YOUR OBJECTIVE - Reproduce the listing below from the line with "Mr Mageshkumar Kirubasankar, 26, who" to the line with "1957/58 Brentford v", both lines included, character for character, minus any pictures.

------ DATA

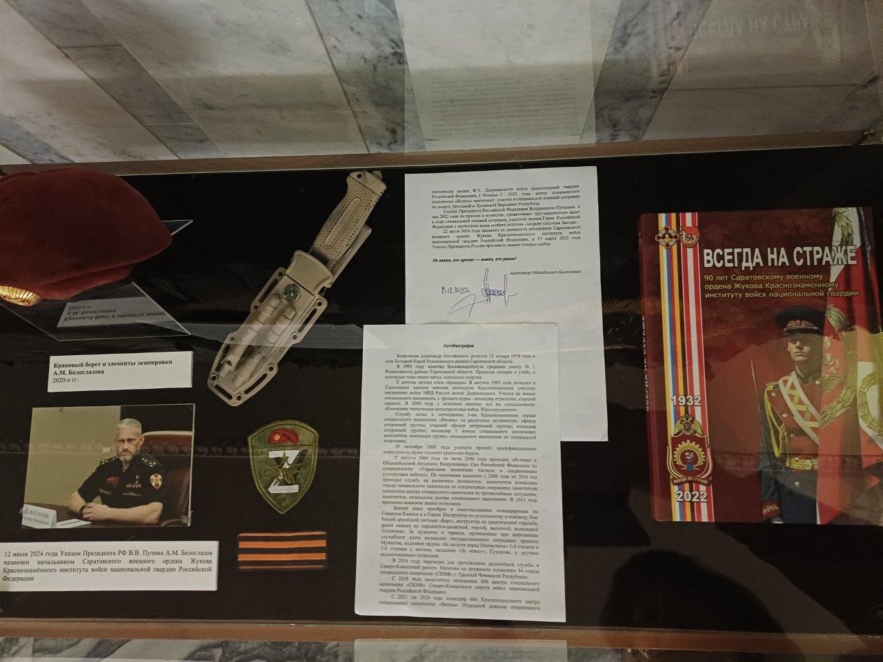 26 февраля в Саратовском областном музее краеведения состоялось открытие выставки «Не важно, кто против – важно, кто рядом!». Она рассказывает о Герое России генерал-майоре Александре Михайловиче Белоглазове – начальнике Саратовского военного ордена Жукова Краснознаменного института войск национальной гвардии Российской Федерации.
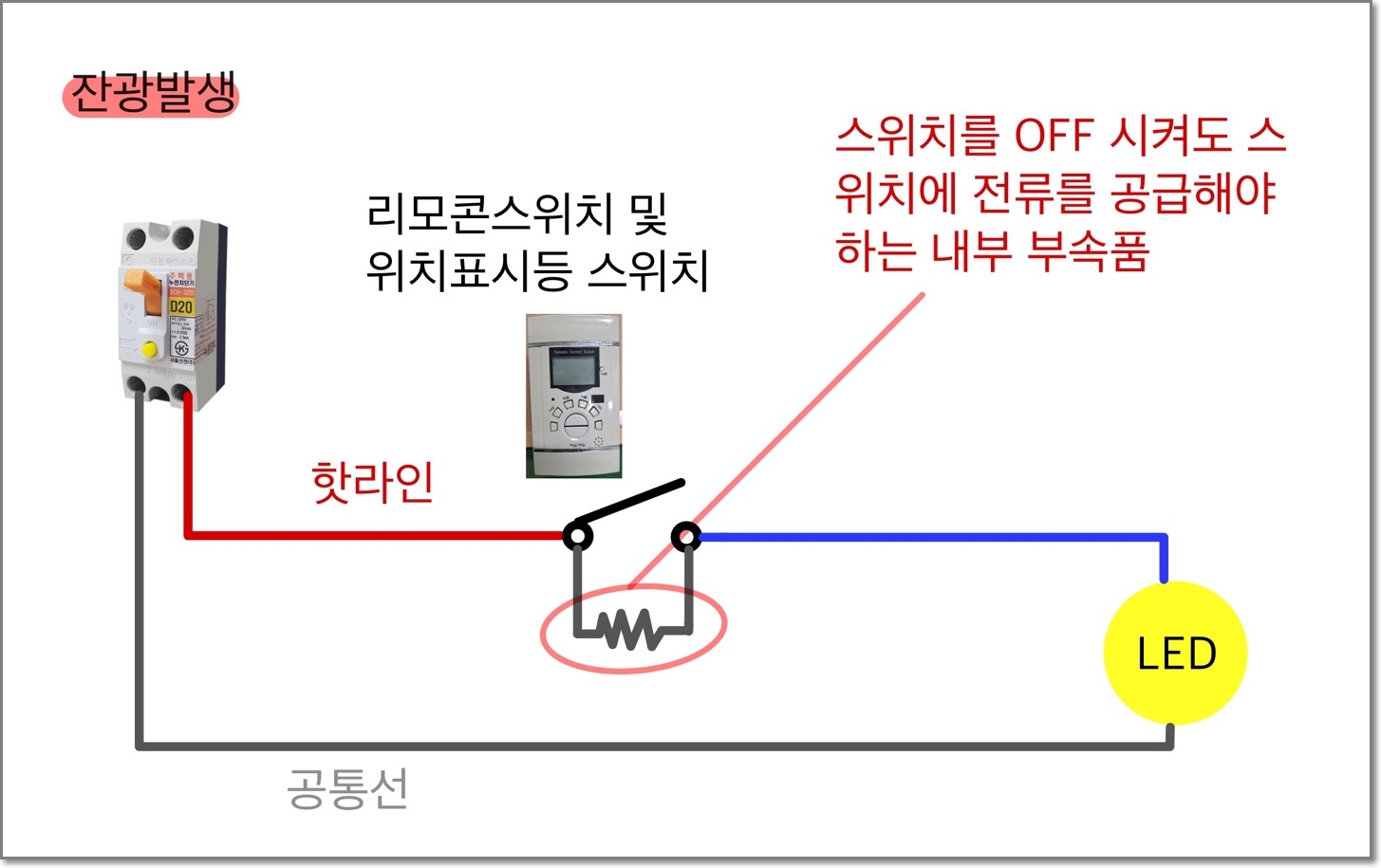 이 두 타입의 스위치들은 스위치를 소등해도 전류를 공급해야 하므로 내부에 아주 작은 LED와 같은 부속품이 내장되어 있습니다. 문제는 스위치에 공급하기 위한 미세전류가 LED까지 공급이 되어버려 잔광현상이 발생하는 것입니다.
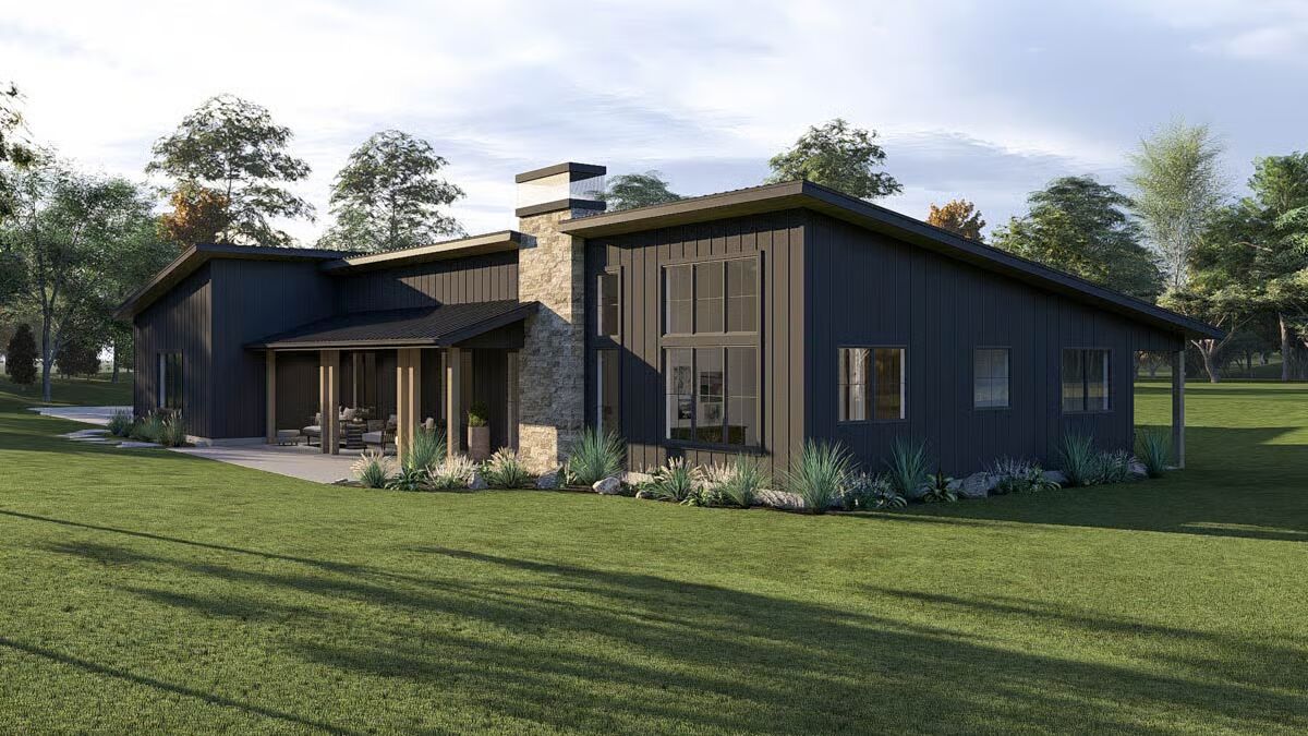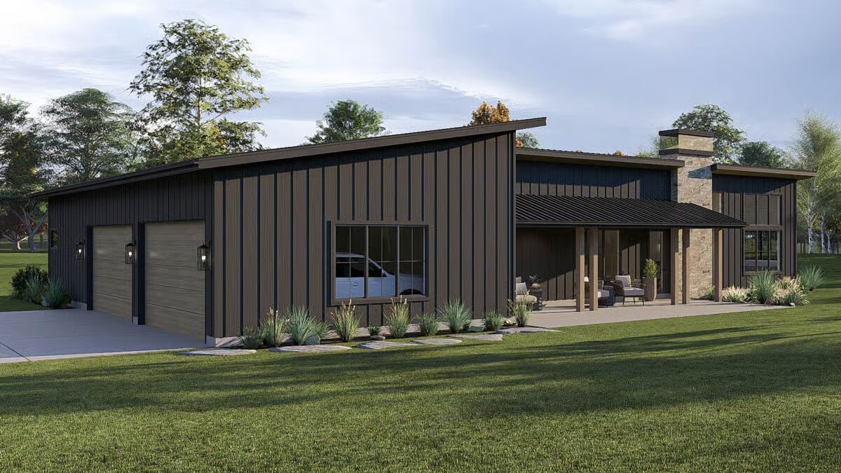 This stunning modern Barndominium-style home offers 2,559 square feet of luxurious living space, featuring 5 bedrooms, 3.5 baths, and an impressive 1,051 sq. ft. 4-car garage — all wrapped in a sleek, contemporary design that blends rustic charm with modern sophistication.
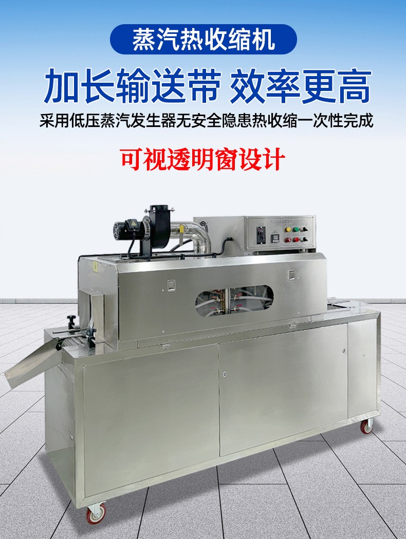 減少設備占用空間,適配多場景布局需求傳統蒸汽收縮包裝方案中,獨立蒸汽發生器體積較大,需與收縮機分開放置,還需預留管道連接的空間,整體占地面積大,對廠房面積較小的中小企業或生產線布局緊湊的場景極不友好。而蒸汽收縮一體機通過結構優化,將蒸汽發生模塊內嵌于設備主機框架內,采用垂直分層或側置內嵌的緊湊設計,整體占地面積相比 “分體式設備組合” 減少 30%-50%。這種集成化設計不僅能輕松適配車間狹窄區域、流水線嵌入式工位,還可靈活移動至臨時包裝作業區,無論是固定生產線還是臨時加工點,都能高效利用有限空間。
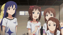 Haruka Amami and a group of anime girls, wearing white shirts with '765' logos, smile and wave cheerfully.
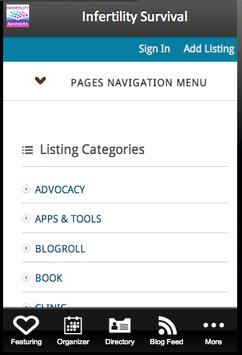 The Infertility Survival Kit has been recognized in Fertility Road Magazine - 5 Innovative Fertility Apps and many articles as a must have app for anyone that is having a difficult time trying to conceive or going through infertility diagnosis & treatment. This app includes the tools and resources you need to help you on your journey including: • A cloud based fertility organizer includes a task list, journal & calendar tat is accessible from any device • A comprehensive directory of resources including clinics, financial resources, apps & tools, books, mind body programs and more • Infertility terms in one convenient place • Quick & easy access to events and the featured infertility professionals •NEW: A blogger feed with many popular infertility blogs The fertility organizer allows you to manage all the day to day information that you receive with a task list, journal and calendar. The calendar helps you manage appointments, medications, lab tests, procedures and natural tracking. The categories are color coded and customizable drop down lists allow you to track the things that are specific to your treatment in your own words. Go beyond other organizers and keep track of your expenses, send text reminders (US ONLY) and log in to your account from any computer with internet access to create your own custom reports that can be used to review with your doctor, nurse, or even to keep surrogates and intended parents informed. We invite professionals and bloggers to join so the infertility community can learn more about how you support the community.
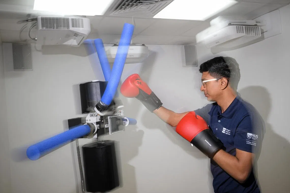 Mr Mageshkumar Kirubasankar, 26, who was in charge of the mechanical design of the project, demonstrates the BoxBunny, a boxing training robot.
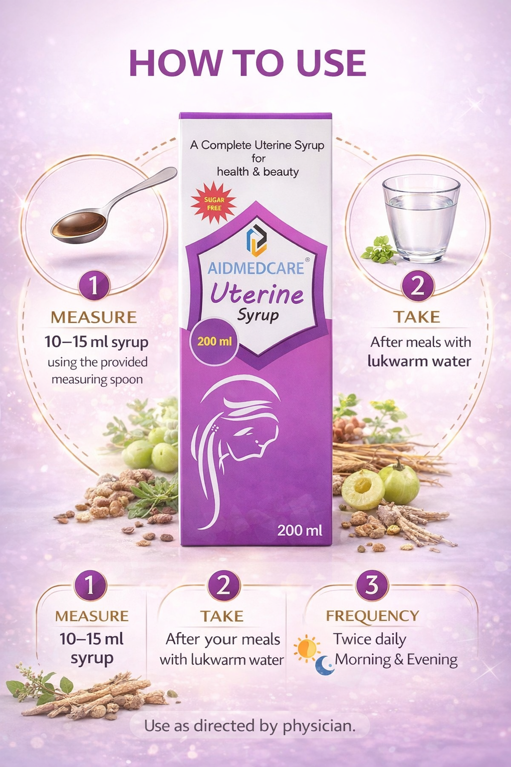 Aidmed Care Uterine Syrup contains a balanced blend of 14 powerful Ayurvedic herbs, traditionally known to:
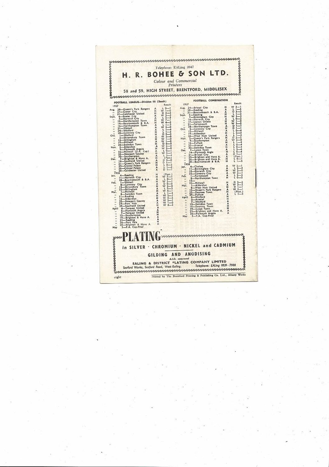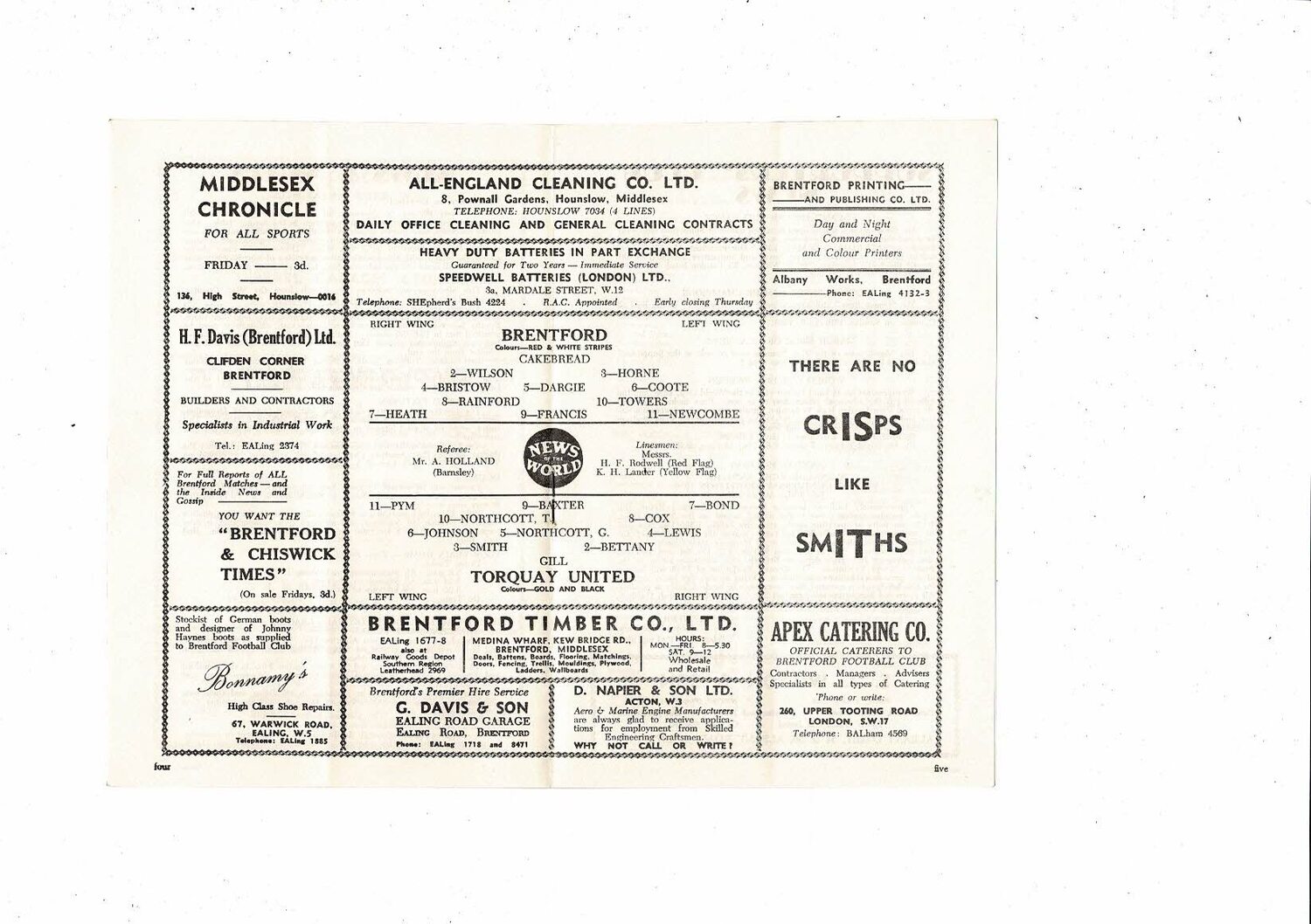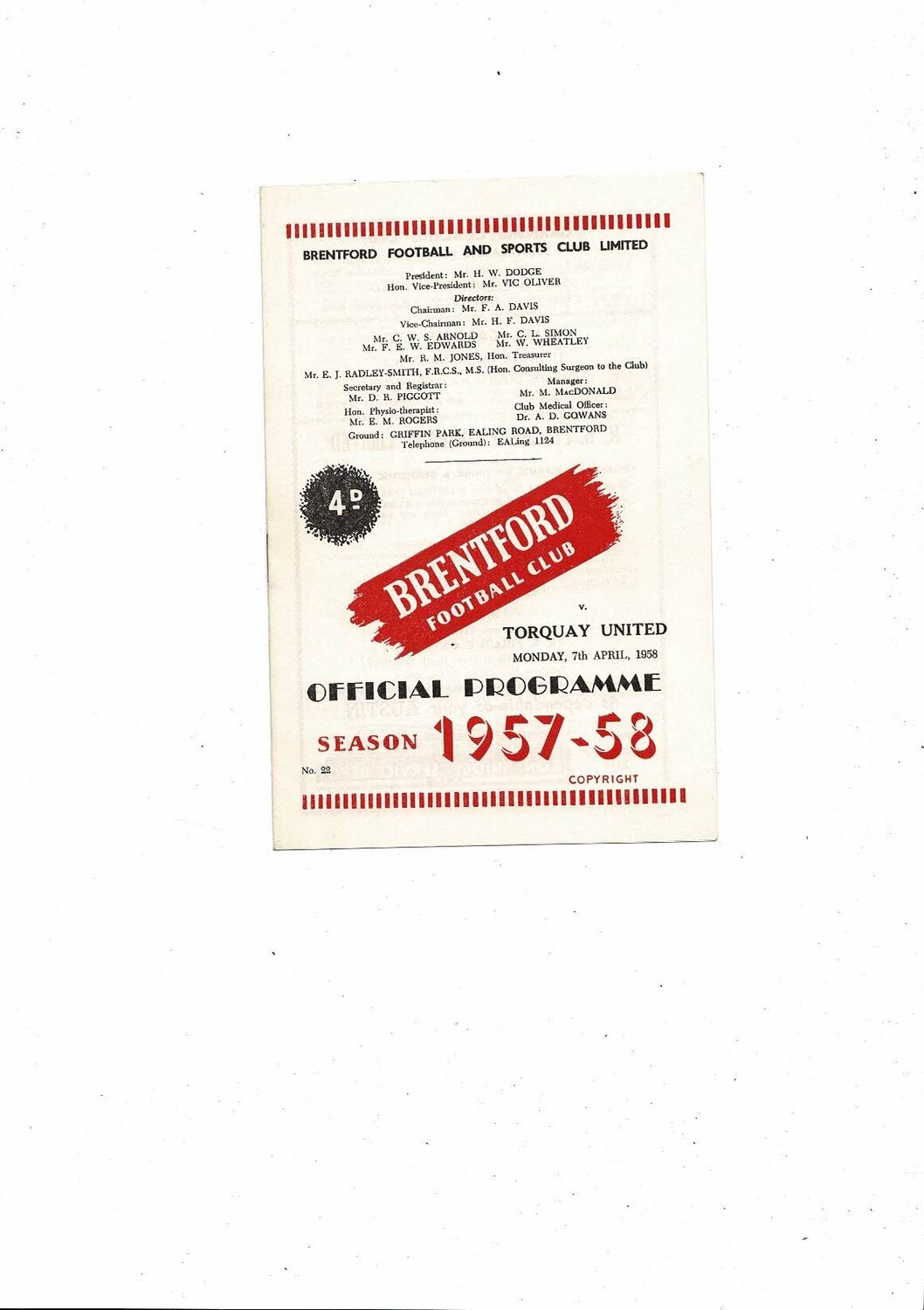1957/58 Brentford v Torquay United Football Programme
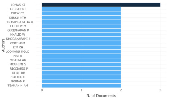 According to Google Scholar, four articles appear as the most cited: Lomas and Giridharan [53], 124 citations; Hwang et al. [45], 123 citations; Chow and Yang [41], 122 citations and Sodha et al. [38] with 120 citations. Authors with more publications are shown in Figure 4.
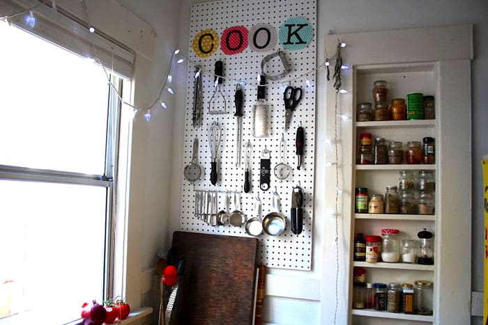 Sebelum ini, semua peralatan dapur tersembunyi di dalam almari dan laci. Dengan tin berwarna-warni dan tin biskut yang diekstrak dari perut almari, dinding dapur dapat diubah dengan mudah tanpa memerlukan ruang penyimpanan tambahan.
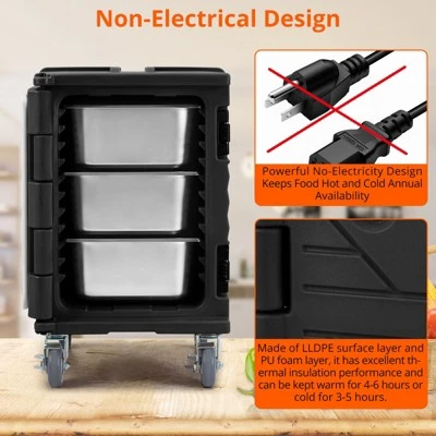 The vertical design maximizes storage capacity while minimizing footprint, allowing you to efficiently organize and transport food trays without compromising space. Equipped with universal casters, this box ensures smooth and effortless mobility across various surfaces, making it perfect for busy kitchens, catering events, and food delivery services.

------------

TASK SOLUTION -
 Mr Mageshkumar Kirubasankar, 26, who was in charge of the mechanical design of the project, demonstrates the BoxBunny, a boxing training robot.
 Aidmed Care Uterine Syrup contains a balanced blend of 14 powerful Ayurvedic herbs, traditionally known to:
1957/58 Brentford v Torquay United Football Programme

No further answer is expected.